### Given entries ###
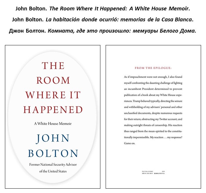 ← back to “John Bolton. “The Room Where It Happened: A White House Memoir.” John Bolton. “La habitación donde ocurrió: memorias de la Casa Blanca.” Джон Болтон. “Комната, где это произошло: мемуары Белого Дома.” / Mary Trump. “Too Much and Never Enough: How My Family Created the World’s Most Dangerous Man.” Mary Trump. “Demasiado y nunca suficiente: Cómo mi familia creó al hombre más peligroso del mundo.” Мэри Трамп. “Слишком много и никогда не достаточно: как моя семья создала самого опасного человека в мире.””
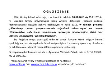 OGŁOSZENIE Wójt Gminy Jabłoń informuje, iż w terminie od dnia 18.01.2016 do 29.01.2016r. w Urzędzie Gminy przyjmowane będą wnioski dotyczące realizacji zadania dofinansowania nowych pokryć dachowych w roku 2016, w ramach projektu „Pilotażowy system gospodarowania odpadami azbestowymi na terenie Województwa Lubelskiego wzmocniony sprawnym monitoringiem ilości oraz kontroli ich usuwania i unieszkodliwiania”. Do Projektu mogą przystąpić tylko te osoby fizyczne które, między innymi spełniają warunki do uzyskania świadczeń pieniężnych z pomocy społecznej określone w art. 8 ustawy z dnia 12 marca 2004 r. o pomocy społecznej. Szczegółowych informacji udziela p. Agnieszka Michalak-Paśnik, pok. nr 6, Tel. 83 356 00 06 wew. 29. - regulamin oraz wzory wniosków dostępne są na stronie www.jablon.pl oraz www.azbest.lubelskie.pl w zakładce „do pobrania”
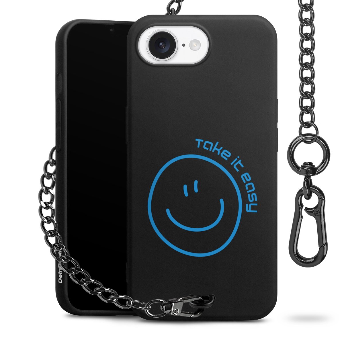 Die mattschwarze Silikon-Handyhülle besteht aus robustem TPU (thermoplastisches Polyurethan). Sie ist flexibel und schützt Dein Smartphone vor Stößen und Kratzern. Die Kette sowie der Karabinerhaken sind aus Metall in Gunmetal-Optik gefertigt. Für dieses Produkt kommen ausschließlich TÜV-geprüfte Materialien zum Einsatz.
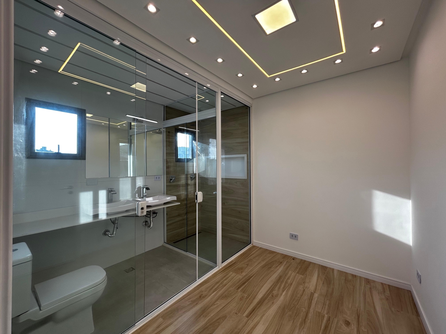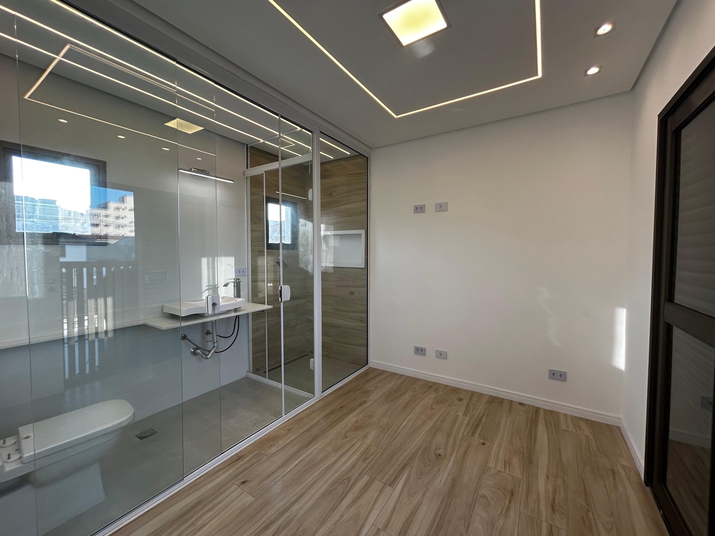 1 suíte master com ar condicionado com 2 chuveiros e 2 pias lavatório
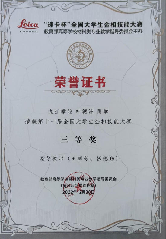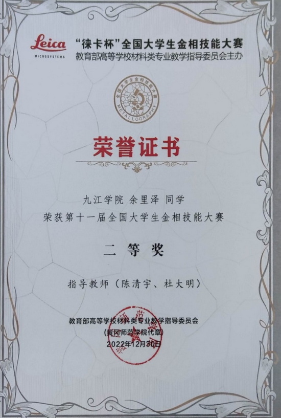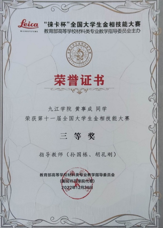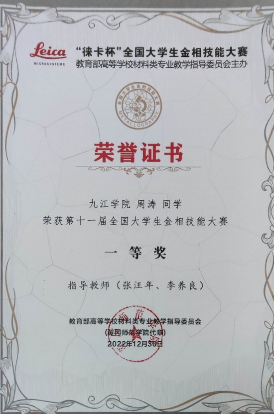 近日,由教育部高等学校材料类专业教学指导委员会主办、黄冈师范学院承办的第十一届全国大学生金相技能大赛落幕,共有来自清华大学、吉林大学、四川大学、武汉大学等414所高校的3700余名在校大学生参加了复赛和决赛阶段的比赛。我校WilliamHill官方周涛同学荣获个人一等奖,余里泽同学荣获个人二等奖,叶德洲、黄事成同学荣获个人三等奖。
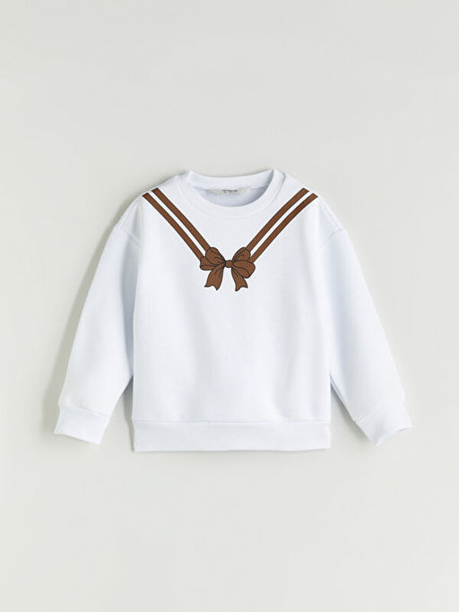 Bisiklet Yaka Fiyonk Bask?l? K?z ?ocuk Sweatshirt
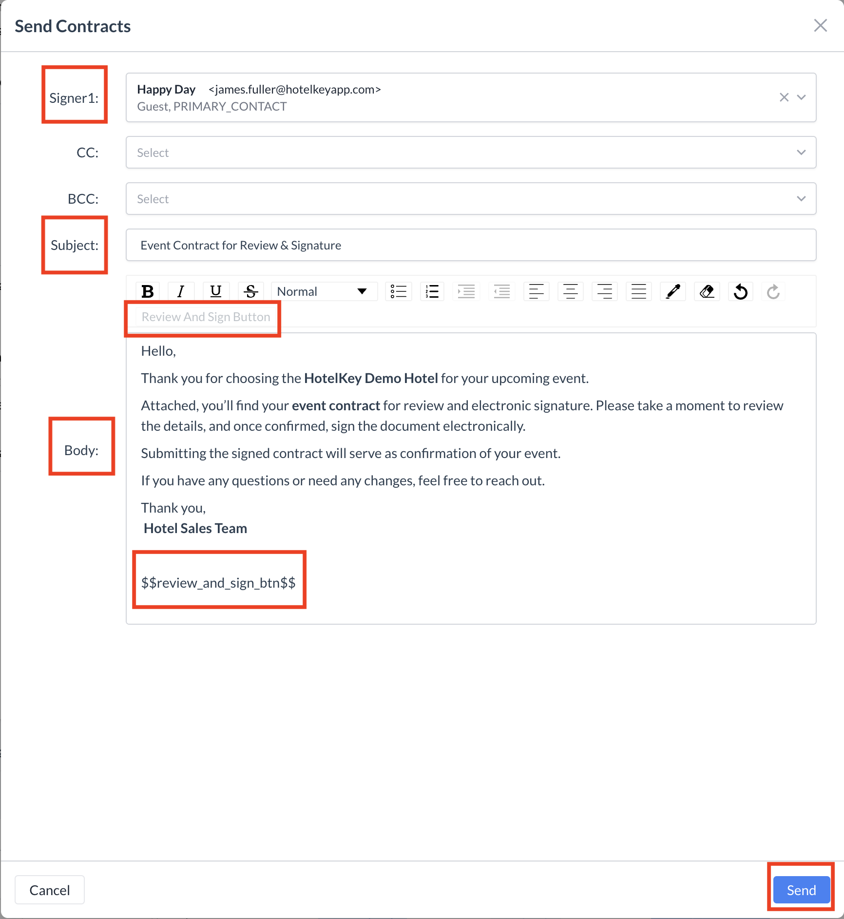💡 Tip: Be sure to double-check all event details before sending the Contract to ensure accuracy.
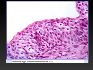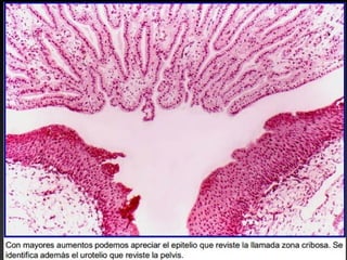 Este documento describe la histología de los conductos excretores del sistema urinario, incluyendo la pelvis renal, los ureteres, la vejiga y la uretra. Estos conductos están revestidos por urotelio, un epitelio de transición en capas de 3-6 células. La pelvis renal y los ureteres tienen una lámina propia y una capa muscular delgada, mientras que la vejiga tiene capas musculares más gruesas que se distienden cuando se llena. La uretra está revestida por epitelio columnar
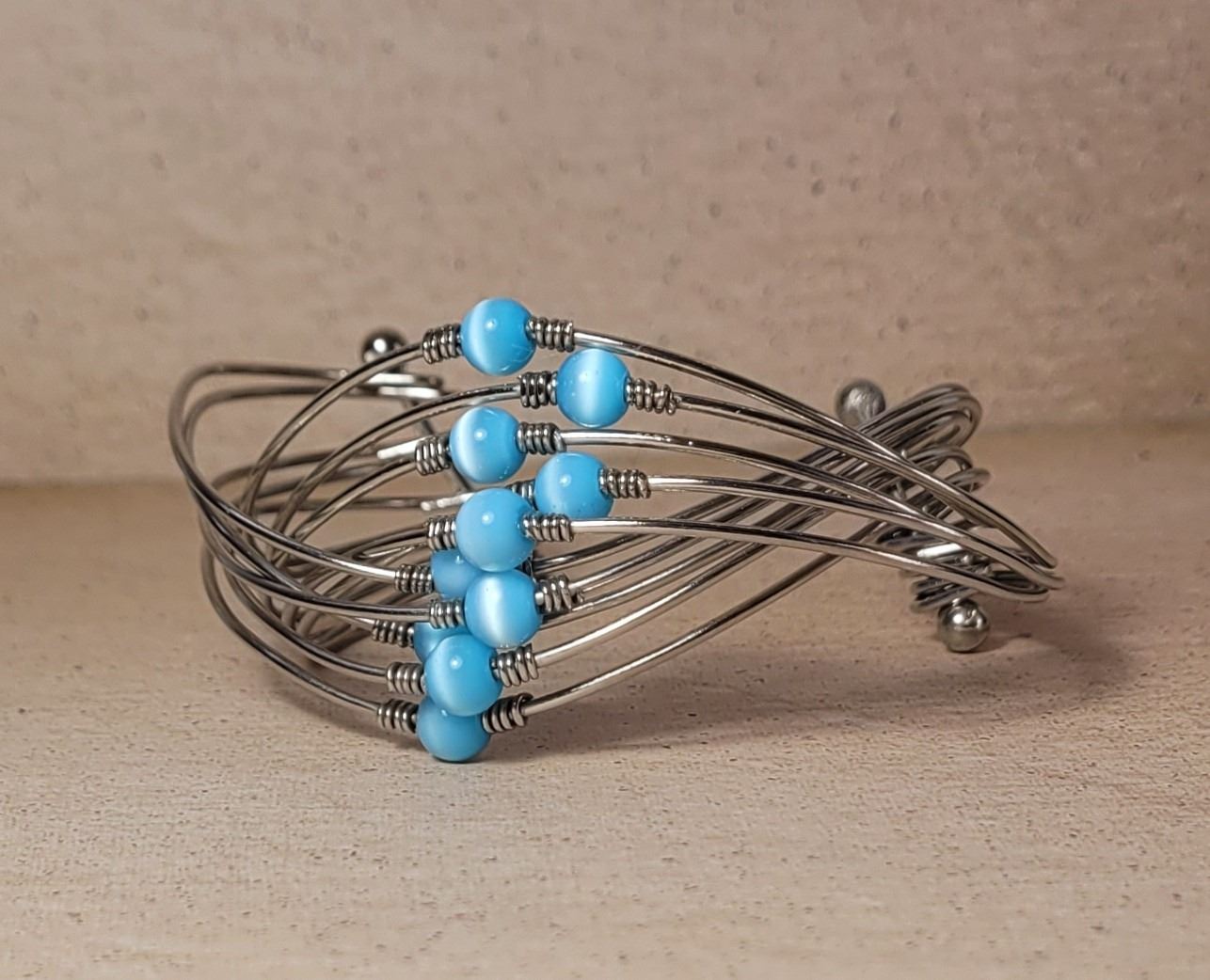 SILVER TONE INTERWOVEN WIRES OPEN BRACELET. JEWELERY
###
## Your objective
Taking the records above, print only and exactly the lines from the line with "Die mattschwarze Silikon-Handyhülle" to the line with "1 suíte master", both kept, and exclude pictures.

## Result of the task
 Die mattschwarze Silikon-Handyhülle besteht aus robustem TPU (thermoplastisches Polyurethan). Sie ist flexibel und schützt Dein Smartphone vor Stößen und Kratzern. Die Kette sowie der Karabinerhaken sind aus Metall in Gunmetal-Optik gefertigt. Für dieses Produkt kommen ausschließlich TÜV-geprüfte Materialien zum Einsatz.
 1 suíte master com ar condicionado com 2 chuveiros e 2 pias lavatório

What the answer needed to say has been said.